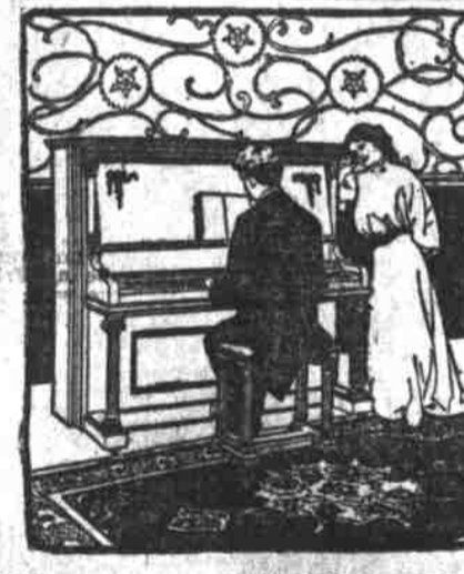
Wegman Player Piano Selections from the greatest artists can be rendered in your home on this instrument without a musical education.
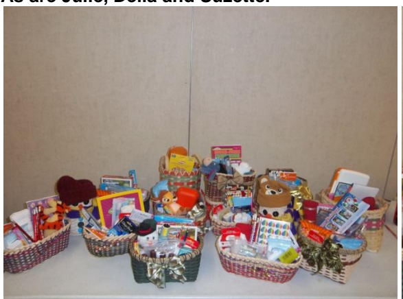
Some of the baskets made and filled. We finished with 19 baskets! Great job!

=-=-=

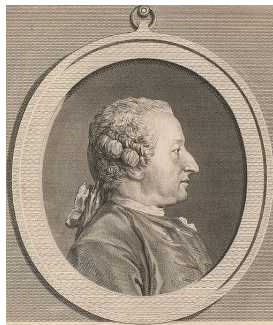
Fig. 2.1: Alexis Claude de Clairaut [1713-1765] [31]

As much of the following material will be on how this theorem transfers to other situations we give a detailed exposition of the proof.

=-=-=

Requirement => Write down again, exactly as given, only the lines above that fall from the line with "Fig. 2.1: Alexis" to the line with "As much of the", inclusive.

Output =>
Fig. 2.1: Alexis Claude de Clairaut [1713-1765] [31]

As much of the following material will be on how this theorem transfers to other situations we give a detailed exposition of the proof.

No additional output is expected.